- Vigo County's location in Indiana
- Atherton location in Vigo County, Indiana
- Coordinates: 39°36′29″N 87°21′43″W﻿ / ﻿39.60806°N 87.36194°W
- Country: United States
- State: Indiana
- County: Vigo County
- Township: Otter Creek
- Elevation: 528 ft (161 m)
- Time zone: UTC-5 (Eastern (EST))
- • Summer (DST): UTC-4 (EDT)
- ZIP code: 47874
- Area code: 765
- GNIS feature ID: 430321

= Atherton, Indiana =

Atherton is an unincorporated community at an elevation of 528 feet in northern Otter Creek Township, Vigo County, in the U.S. state of Indiana. It is part of the Terre Haute metropolitan area.

==History==
Atherton was laid out and platted on October 7, 1871. The original plat was signed by Newton Rogers, Sarah A. Denny and Mary J. Rogers. The line of the north part of the plat marked the dividing line between Vigo County and Parke County. The early town was laid out around Atherton's railroad station.

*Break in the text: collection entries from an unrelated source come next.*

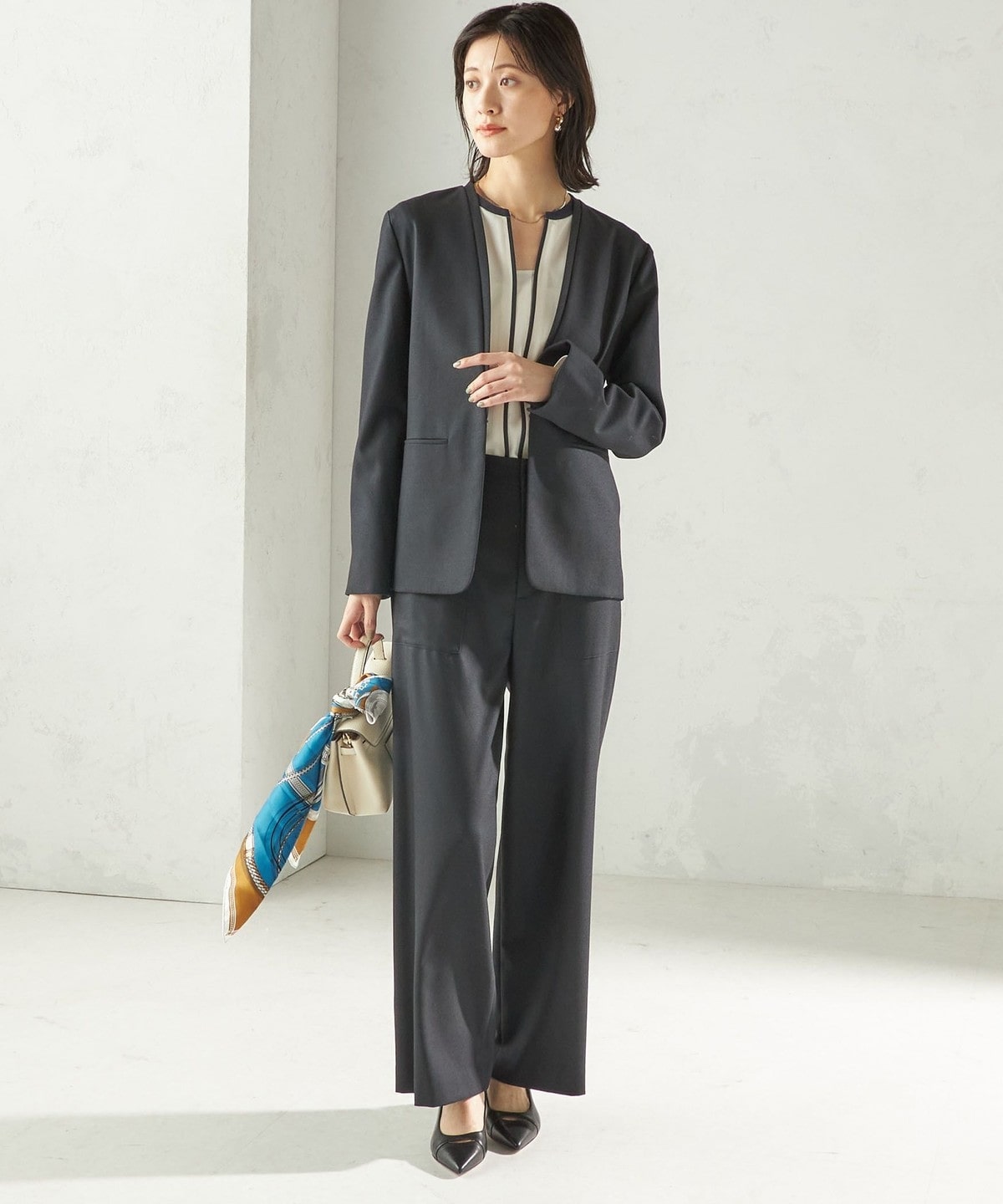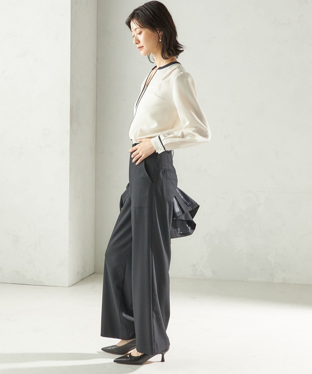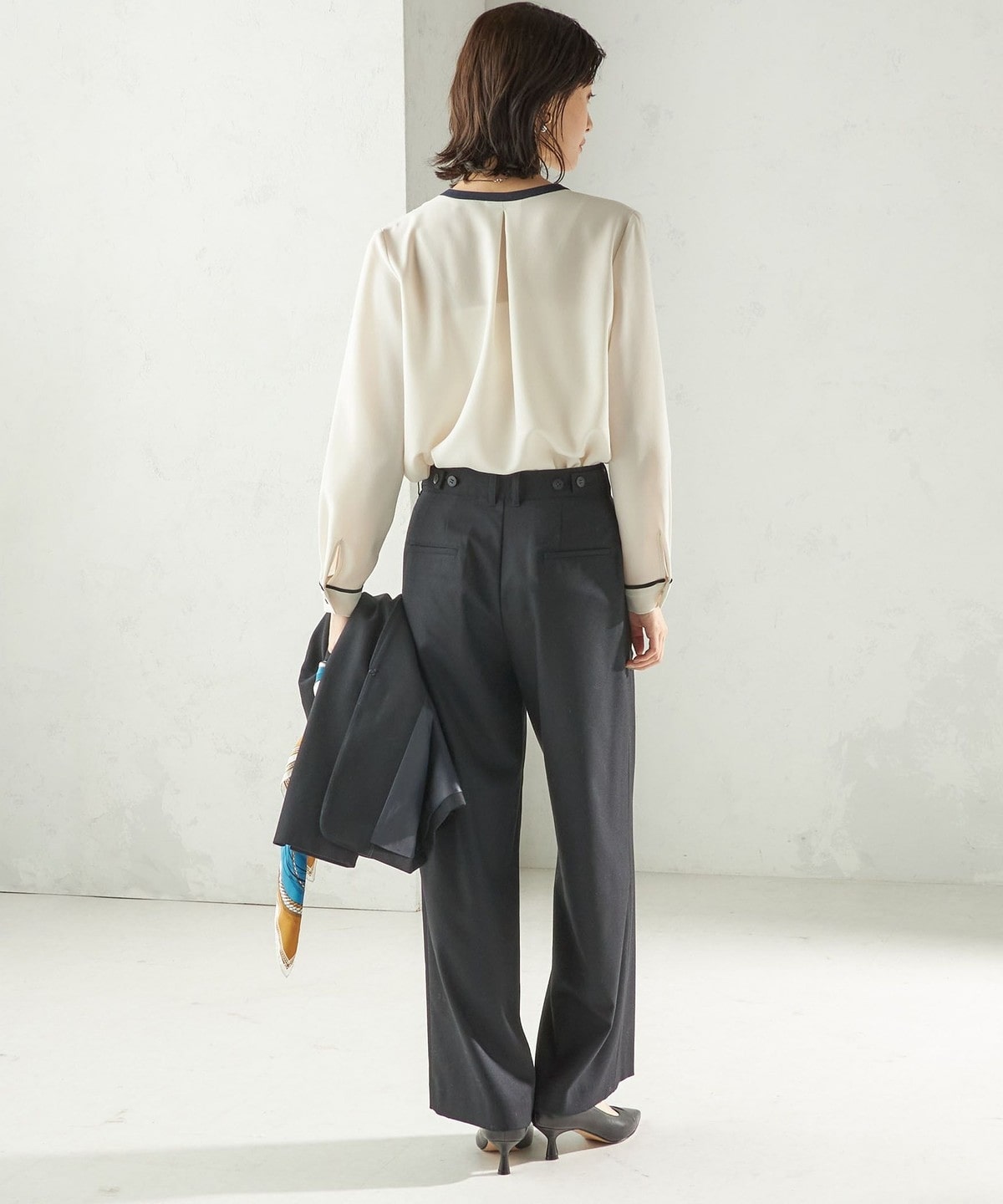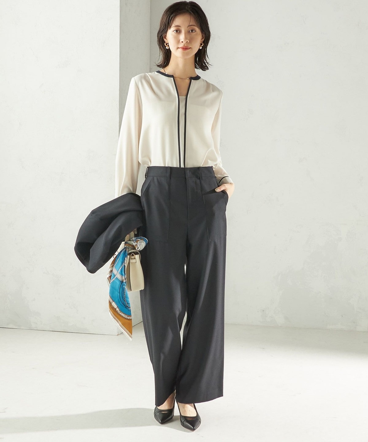 ジャケット合わせはもちろん、スカート、パンツにもバランスよく着回しが出来ます。
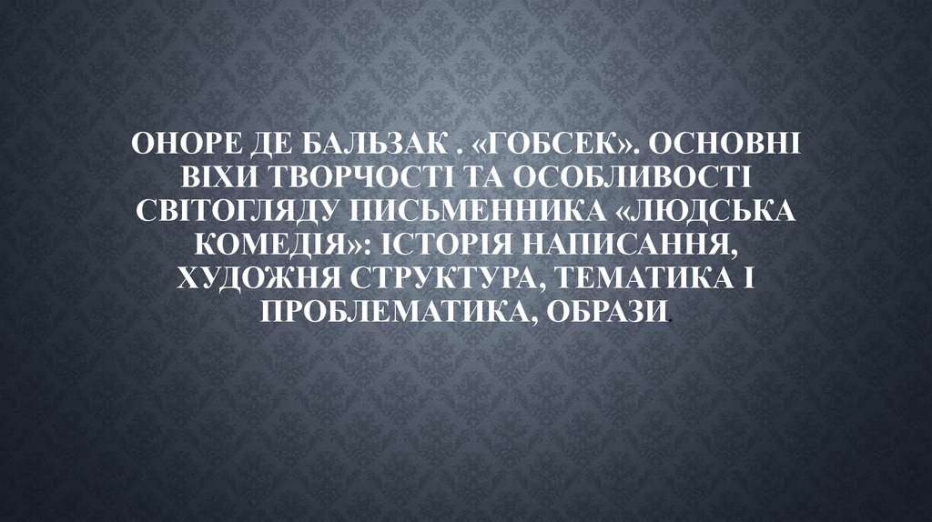 ОНОРЕ ДЕ БАЛЬЗАК . «ГОБСЕК». ОСНОВНІВІХИ ТВОРЧОСТІ ТА ОСОБЛИВОСТІ
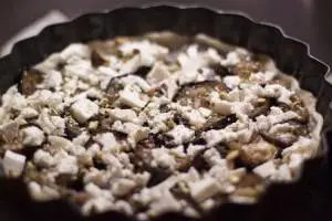Карамелизированные баклажаны разложите на слоеном тесте, полейте оставшейся карамелью, покрошите сверху сыр и фисташки. Выпекайте в духовке при 180С 25-30 минут.
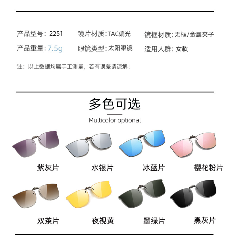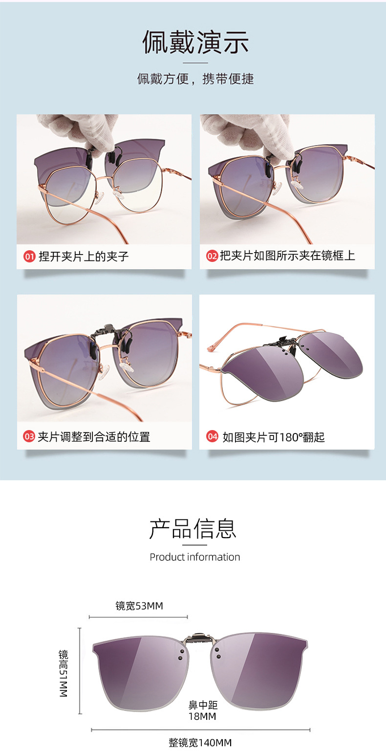 高级感夹片墨镜GM同款超轻时尚偏光太阳镜可上翻防紫外线墨镜夹片
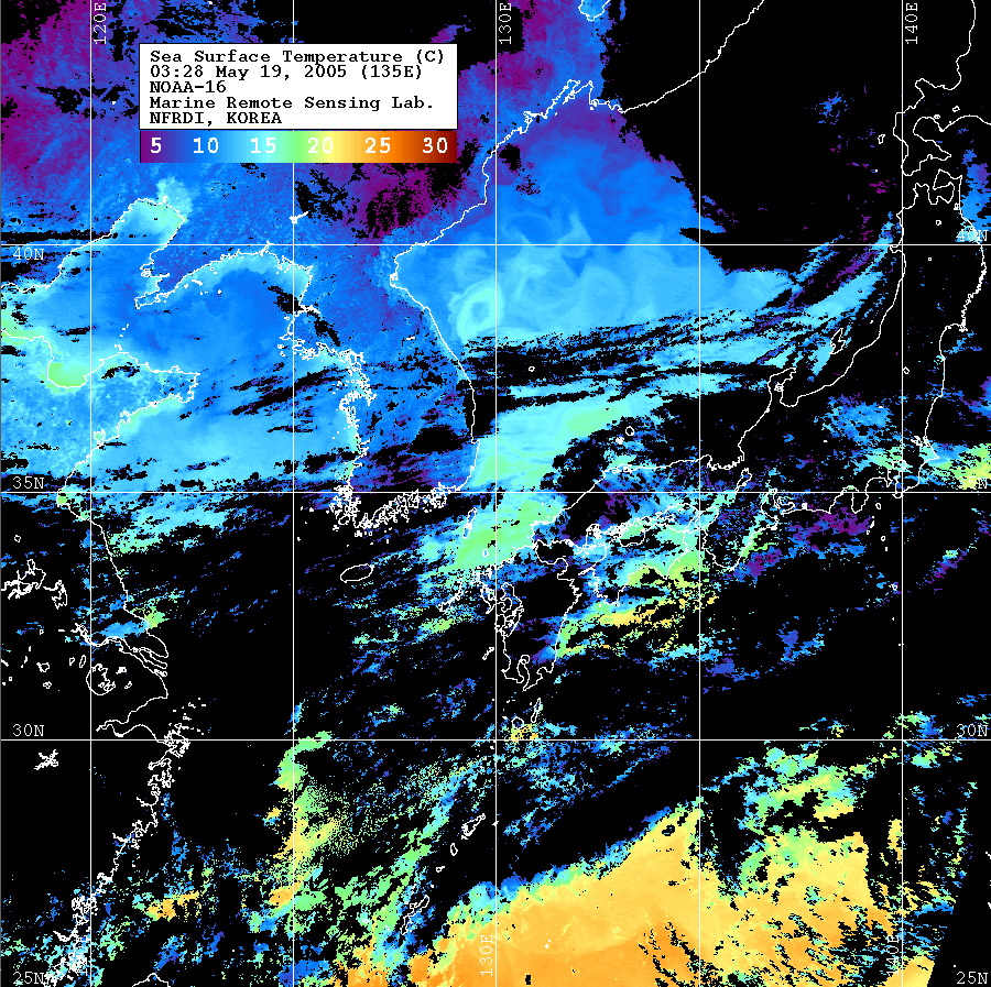 o 2005년 05월 19일 03시 28분 NOAA-16호 위성영상입니다. o 수온분포는 범례를 참고하시기 바랍니다. o 검은색은 구름 또는 육지를 나타냅니다.
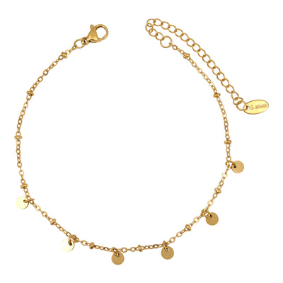Stainless Steel Gold Plated Adjustable Disc Anklet 20-25Cm
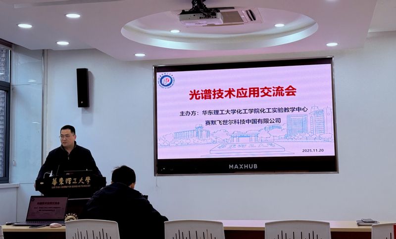 11月18日,suncitygroup太阳新城化工实验教学中心与赛默飞世尔科技公司在实验16楼联合举办了首次光谱技术应用交流会。本次交流会聚焦于“红外与拉曼光谱技术在原位催化、原位电化学领域的最新应用”这一前沿主题,旨在搭建一个高水平的学术与技术交流平台,共同探讨先进表征技术的无限可能。suncitygroup太阳新城副院长宋震、化工实验教学中心副主任徐菊美、赛默飞资深红外应用工程师辛明等应邀出席,会议由化工实验教学中心宋楠主持。
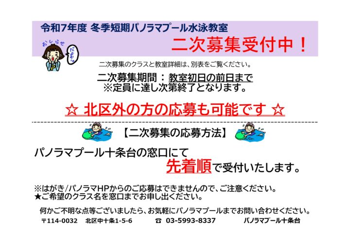 冬季短期パノラマプール水泳教室の二次募集開始のお知らせです。
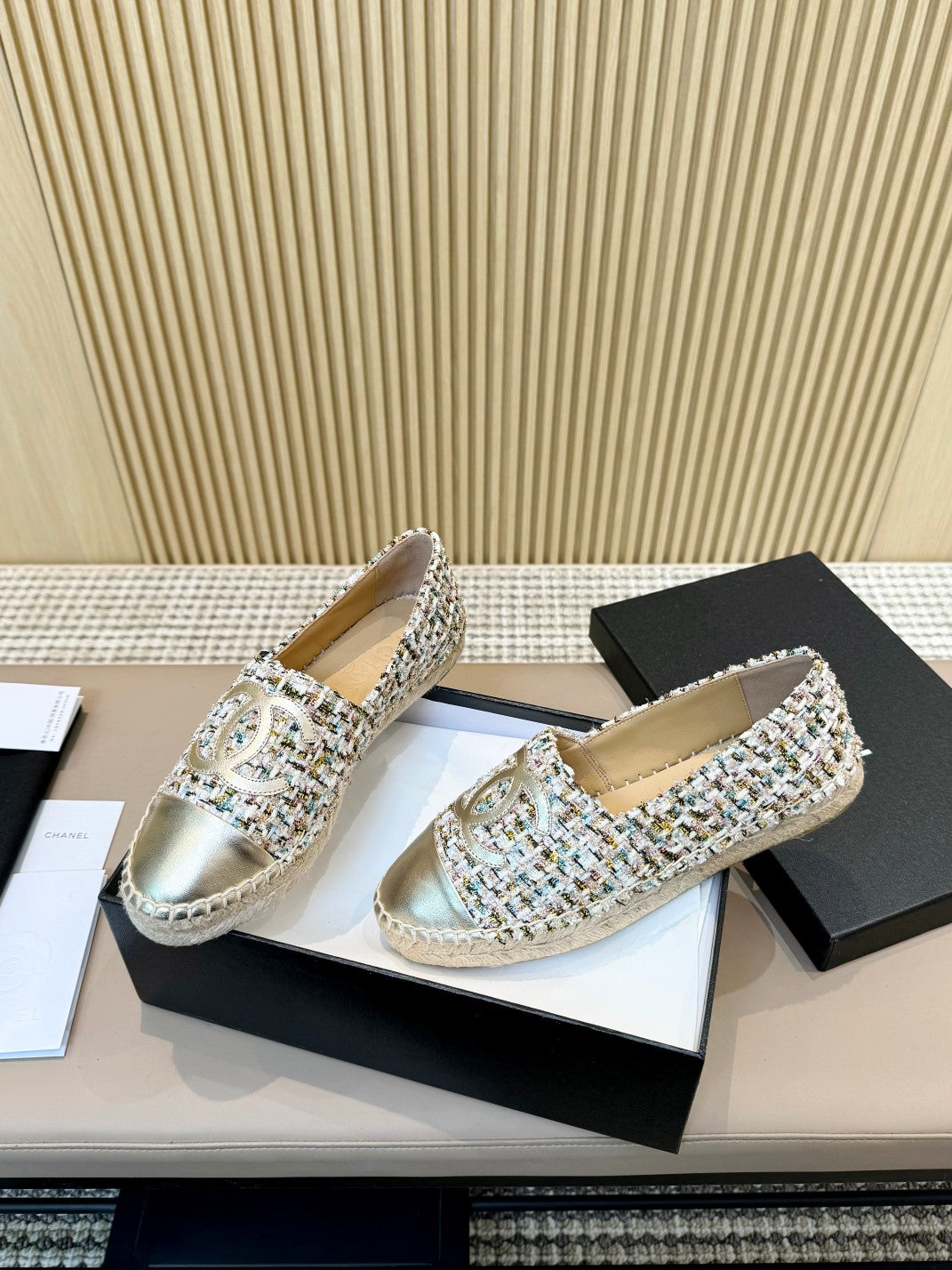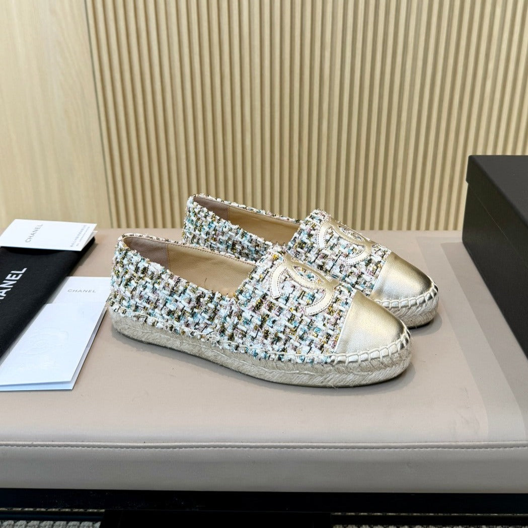 cc espadrilles multicolor tweed gold metalic calfskin
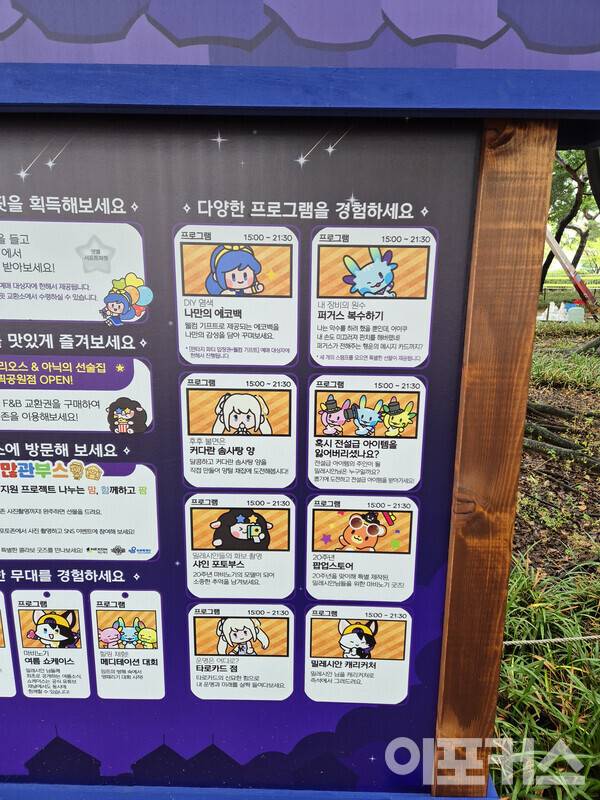 너무 열심히 돌아다니다 보니 휴식 공간이 있었다. 텐트 형태로 마련된 휴게존에 앉아 있으니 20년 전 마비노기를 즐기던 초등학생 시절이 생각났다. 당시에는 게임을 하면 혼나기 일쑤였지만 현재는 주류 문화로 자리 잡았는데, 현장에서 가족 단위로 참가한 밀레시안도 종종 보였다. 사람간의 교류가 단절되는 요즘 오랜 추억을 담고 있는데 여전히 ‘즐길 수 있는’ 게 게임의 순기능이 아닐까.
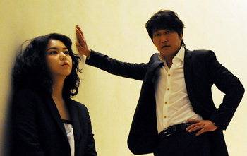 김옥빈(왼쪽), 송강호."(옥상에서 떨어지는 장면을 위해) 거꾸로 매달렸어요. 와이어에 발목이 묶인 채 공중으로 끌려 올라가는데…. 아무런 정신이 없어요. 연기를 하긴 해야겠고…. 엔지가 났는데 내려주지도 않아요. 계속 매달려 있었죠."(김옥빈)
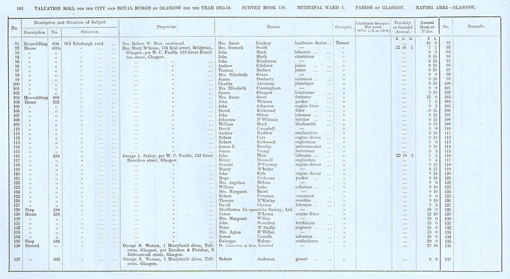 Glasgow Valuation Roll VR 1913-14, Ward 03, p162
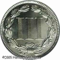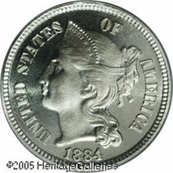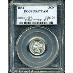 <B>1884 3CN PR67 Cameo PCGS.</B></I> This splendid Superb Gem has fully brilliant obverse and reverse surfaces with excellent eye appeal. An unusual Cameo proof example with deeply mirrored fields and lovely surfaces. When collecting these issues, cherrypicking for quality and eye appeal is recommended as few survivors have such a good appearance.<BR><I>From The Mike Jacobson Collection.</B></I> Lot:5761

A post office was established at Atherton in 1881 and remained in operation until it was discontinued in 1934.

== West Atherton ==
This unincorporated community lies in southwestern Florida Township, Parke County, in the U.S. state of Indiana. Its name comes from its eponymous location west of Atherton. By 1908 it had 20 platted lots though few, if any, were actually developed. the West Atherton Service Station opened in the community on Route 41 in 1938. Five years later, a pastor drove the five miles from Rosedale west to the community to commit suicide.